EU states reject attempt to ban UK from Horizon projects
EU member states have voted against efforts by the European Commission to ban UK participation in cutting-edge research programmes funded by the Horizon Europe programme. EU governments determined last week that any ban could only be imposed by a qualified majority vote and ruled out any blanket ban on companies from non-EU countries including the UK, Israel and Switzerland pitching for contracts in the highly competitive sectors. A ban on UK participation was being pushed by French commissioner Thierry Breton.
Dutch bosses can reward staff for getting Covid-19 vaccine, lawyer says
Employers in the Netherlands can legally give their workers a bonus to motivate them to get vaccinated against Covid-19, a lawyer has said.  "In terms of employment law, there are no clauses that would prohibit this," senior lawyer of employment law Pascal Besselink of DAS told BNR. "You don't see any legal obstacles to such a vaccination bonus.
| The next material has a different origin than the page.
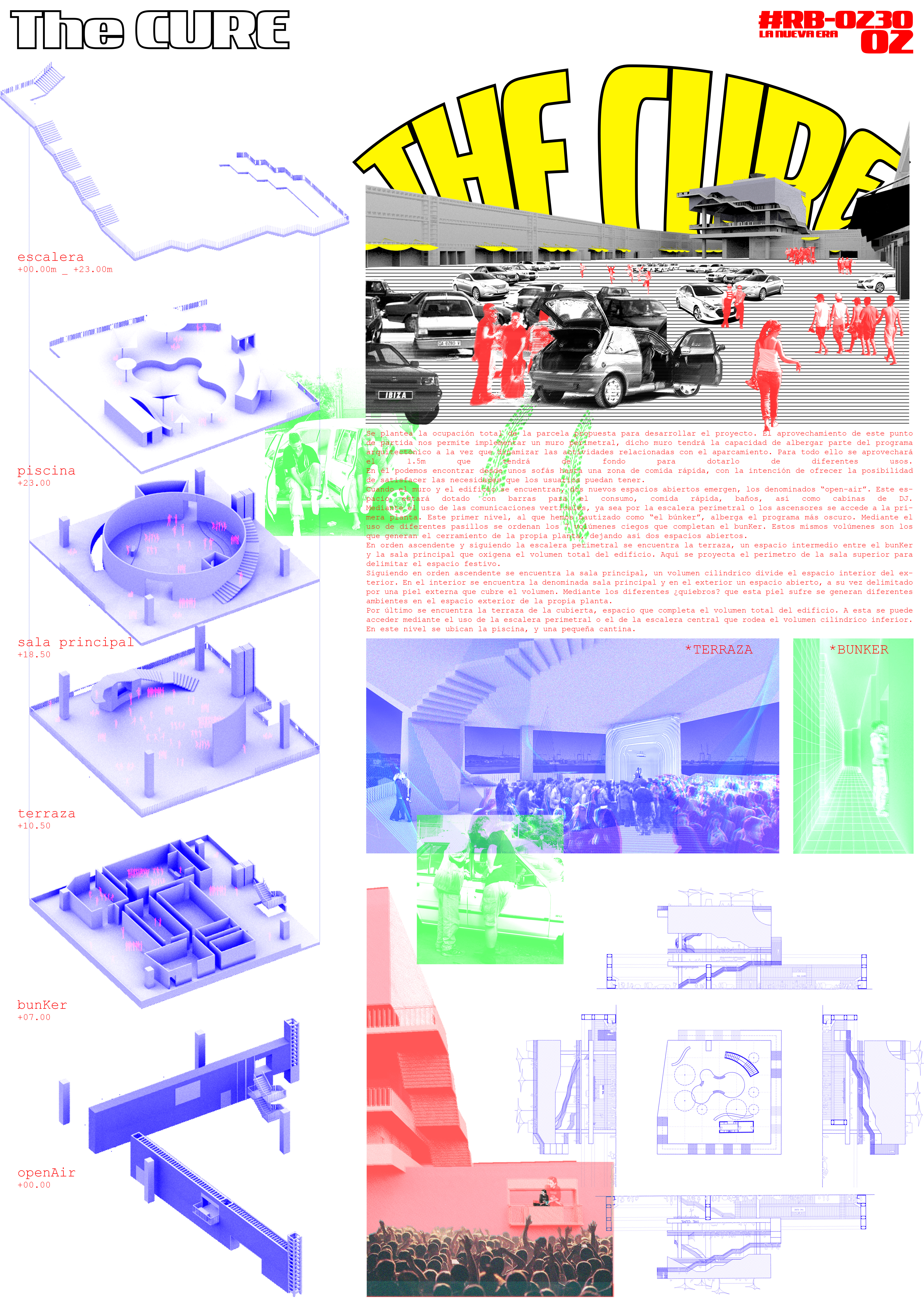 Proposamen sarituak “The Cure” du izena eta Martina Gardeazabal Beascoa, Iñigo Jimeno Fraca, Ivan March Calvo eta Elena Millán Medel ikasleek aurkeztu dute; proiektua garatzeko proposatutako orube osoa okupatzea proposatzen du. “Abiapuntu hori aprobetxatzeak aukera ematen digu horma perimetral bat ezartzeko; horma horrek programa arkitektonikoaren zati bat hartu ahal izango du, eta, aldi berean, aparkalekuarekin lotutako jarduerak dinamizatzeko balioko du. Horretarako guztirako, 1,5 m-ko sakonera aprobetxatuko da, eta hainbat erabilera emango zaizkio. Bertan, sofa batzuk edota janari lasterreko gune bat egongo dira, erabiltzaileek izan ditzaketen beharrei erantzuteko”.

The moment you make that agreement, there are no records. It doesn't violate the GDPR as long as you don't register it," said Besselink. Privacy laws dictate that whether or not an employee was vaccinated must not be noted on their files.
Airline automates some recruiting tasks to speed hiring process
Southwest Airlines is investing in digital job placement tools, including chatbots, to expedite the hiring process amid resurging demand as air travel takes off and a competitive labor market. “The labor market is probably as tough as I’ve ever seen it, and so we’ve got to be able to move with speed, and that’s where all these tools come into play,” said Greg Muccio, the carrier’s director of talent acquisition. Southwest uses a platform from Phenom People that powers the company’s careers site, and uses artificial intelligence to target job postings and messaging to potential candidates. Some video interviews have been conducted via Zoom and Microsoft but the airline expects to move to a videoconferencing tool that is part of the Phenom platform to take advantage of archiving capabilities and keep all recruiting tools in one place. Phenom CEO Mahe Bayireddi says the company's platform also features deep-learning algorithms that can score job candidates based on their skills and experiences and help recruiters decide which candidates should be prioritized, although Mr Muccio said these capabilities won’t be used because he prefers that humans control that part of the recruitment process.
Most UAE workers are prepared to change career path
The pandemic has driven a paradigm shift in attitudes around long-term employment and almost two-thirds (63%) of UAE workers are now willing to pursue different career paths post-crisis, according to a study by management consultancy Boston Consulting Group (BCG) and Middle East job site “Over the past year, technological disruption has accelerated tremendously. The increasing presence of automation in work processes has seen concerns regarding job security rise substantially, with many now questioning their futures as a result,” said Dr Christopher Daniel, Managing Director and Partner, BCG Middle East, adding “As such, workers have experienced a change in professional outlook. This is emphasized through the survey’s findings, with around two-thirds of respondents reaffirming their perceptions that retraining is a viable route towards new opportunities.”
Pandemic hits Japan's food trucks
Japan Times reports on how the pandemic has badly impacted  the nation's food truck industry. More people are now working from home and many events have been canceled, and the state of emergency in Tokyo, Osaka and other prefectures has seen local governments place restrictions on where the trucks can operate. "We've seen a drop in the number of places where we're allowed to operate," said Atsushi Oshima, the operator of Potage-Ya, a food truck specializing in vegetable soup.